As the pastor ends the closing prayer, a homeschooled friend comes over to me and tells me that she has something to say to me. So we head outside alone where she tells me that she is in trouble with her parents, and what she did. Then her tone gets lighter as she drifts into a more causal conversation. Then she starts talking about Jane.
She tells me about how Jane pregnant again, this time with a little girl. Then to explain to me how she found out, she tells me that her and her mother have been in contact with my sister since the beginning of summer. I guess I can't trust anyone, not friends nor family.
The only things left to do for now is to mentally learn that it is ok to be hated by your only sister whom you dearly loved, to be ok with the thought that she lied over and over again, and to be fine with most family and friends lying.

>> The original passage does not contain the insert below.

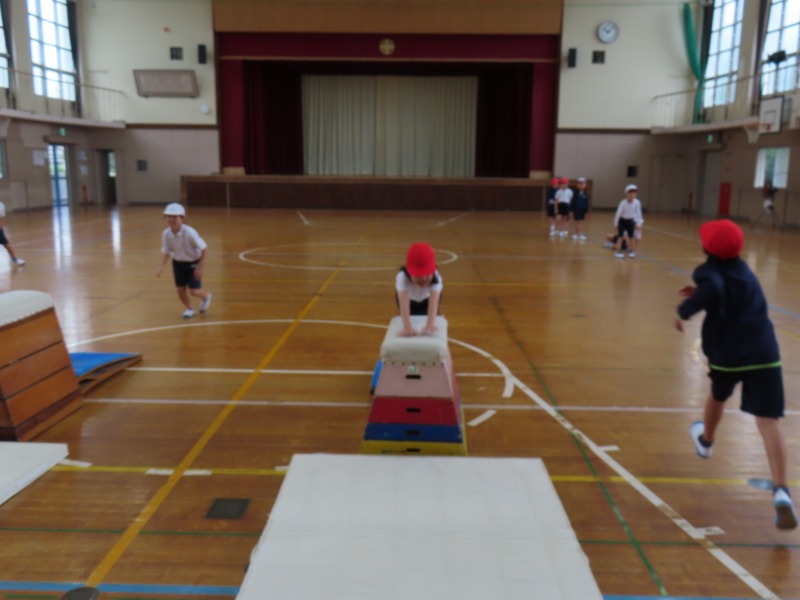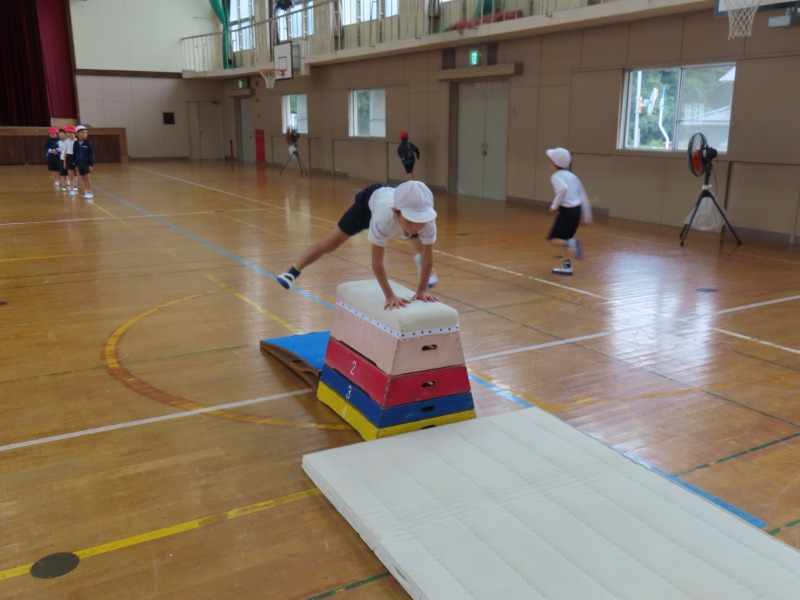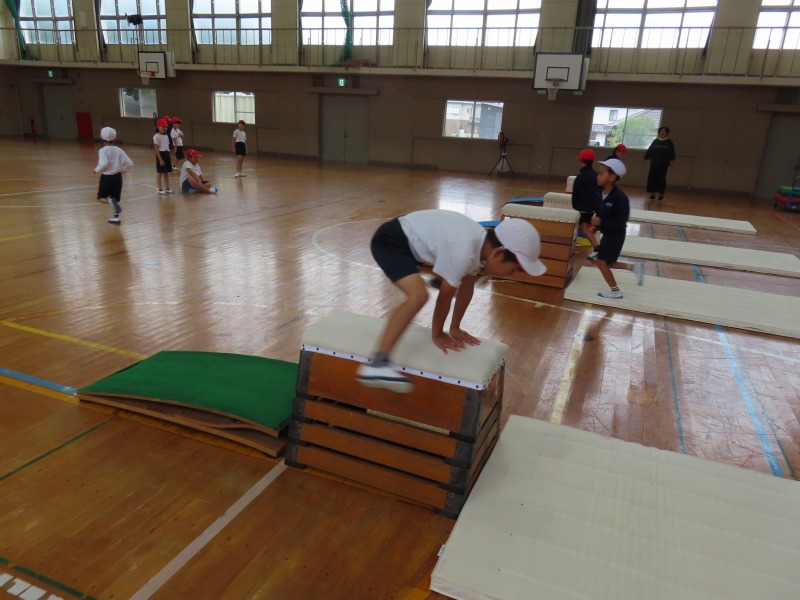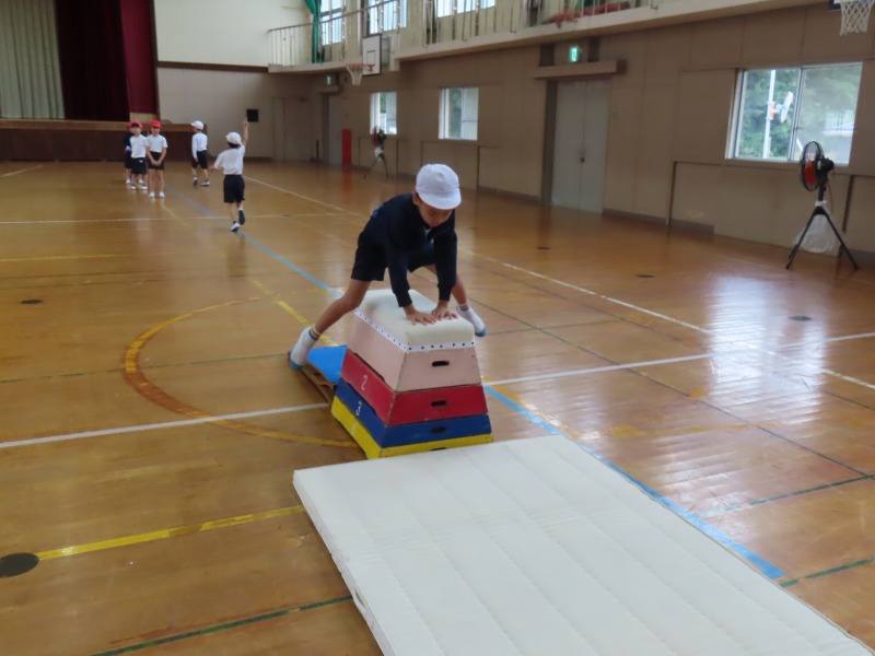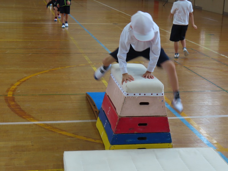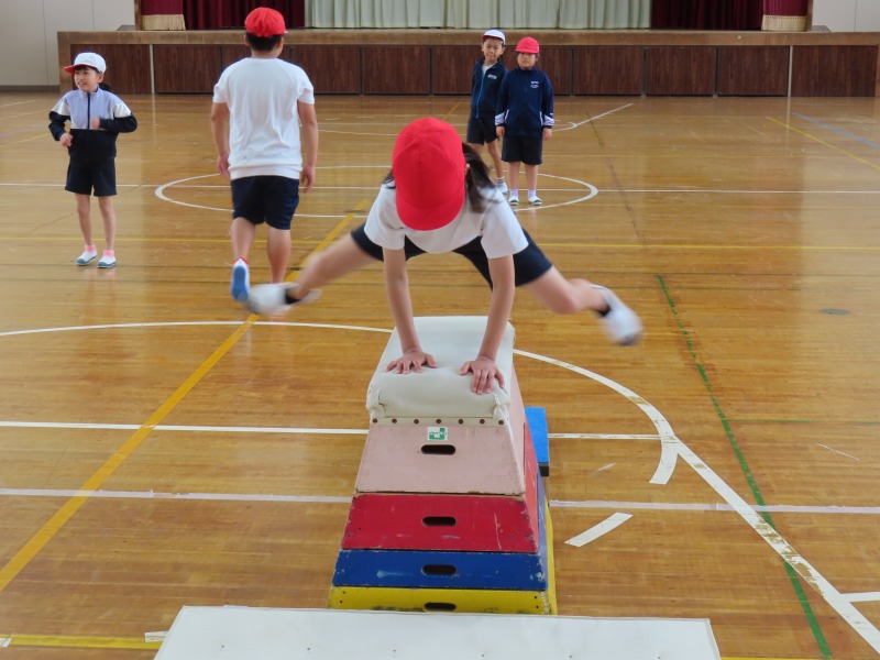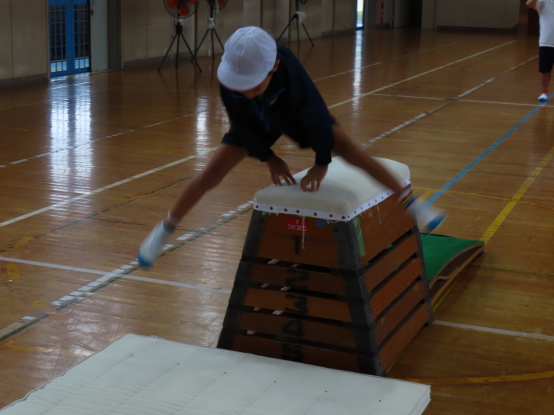 2年生の体育では跳び箱の練習をしていました。何度も何度も練習している姿が印象的です。
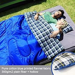 ✔【COMFORTABLE DOUBLE SLEEPING BAG】: Crafted with water-resistant and rip-stop polyester shell, pure cotton blue printed flannel fabric and hollow fiber filling for soft, warm, comfort. HORING sleeping bags are designed to ensure you have a good and relaxing night’s sleep after a tiring day of trekking, hiking, or travel. Double S-shaped quilted design and high-quality precisely done stitching enhances the durability

Lately I've been looking toward Halloween, I get to help with the FFA haunted house and scare people. Then suddenly I'm scared for a few days after Halloween. This morning my brother had gotten another message from Jane. She doesn't know yet how Jack tells us what she tells him. "Oh, Jane messaged me. Saying she is coming up on November 3rd to pick up a dog."
What if she finds me? What if I run into her? What if one of my many, similar, nightmares that keep me from sleeping actually play out? If I see her would I run away as all my friends and family forgive her?
Last night at the haunted house, there was a time where nothing was happening, so naturally almost all the Ag kids go outside to mess around. As I'm left to my own thoughts, I mindlessly wonder towards my car, so I just get in the back seat for a while and just sit. My only company being my thoughts. I can't help but to freak out about soon the being of November is, how much time until she comes back. Since I'm alone, I have no fear in silently crying. Then my thoughts rage on, thinking of every time she wronged us. Until unto her person care to whom we were to scare, and I quickly wiped at my eyes and ran to the Ag barn to get in place.
Right after going to lunch today I go to my grandparents house, since we live on the same property I only walk. As a weekly chore, usually Fridays, I clean their nearly spotless bathroom for twenty-five to thirty dollars. When I'm done my Grandma again asked if I've heard from my sister. "No," then I make a mistake "but, Jane has told Jack that she she will be here either on the 3rd or 4th, I don't really remember which day."
"Oh really? I hope I get to see her, don't you?" I just sat there not able to tell her. I knew she wouldn't listen to me if I told her no. "But don't you miss her?"
"Yeah, I miss her, and I love her, it I'm also scared to see her. I don't know how-"
"Yeah. But you do miss her..." and just started rambling on about how I should ave already forgave her, and how my mother should have. Then she says something about my mother when she was a teenager, how my mother got pregnant before she was married, and she just kept attacking my mom.
The days she was supposed to be here has gone and past. I haven't seen her, but that doesn't mean she isn't here. I no know where she has been. With my blank Facebook account, I was checking to see if she had posted. Nothing. On her page, I find something that they be of value. "Groups". She is a member in two groups: "Elk County Lost & Found Pets", and "814 Classifieds". With a little Google search, Wikipedia is able to tell me what towns and cities are in Elk County, PA. Another quick search, "St Marys Pennsylvania" and I look under "Google Maps".
I almost want to give up before I remember something, the last message Jane sent to Dad.
Jane- "Ps we have a Taco Bell here!"
Sent on 8/14/17While staying on Maps, I search for "Taco Bell" and how nice it is that there is only one in this County. St Marys, PA.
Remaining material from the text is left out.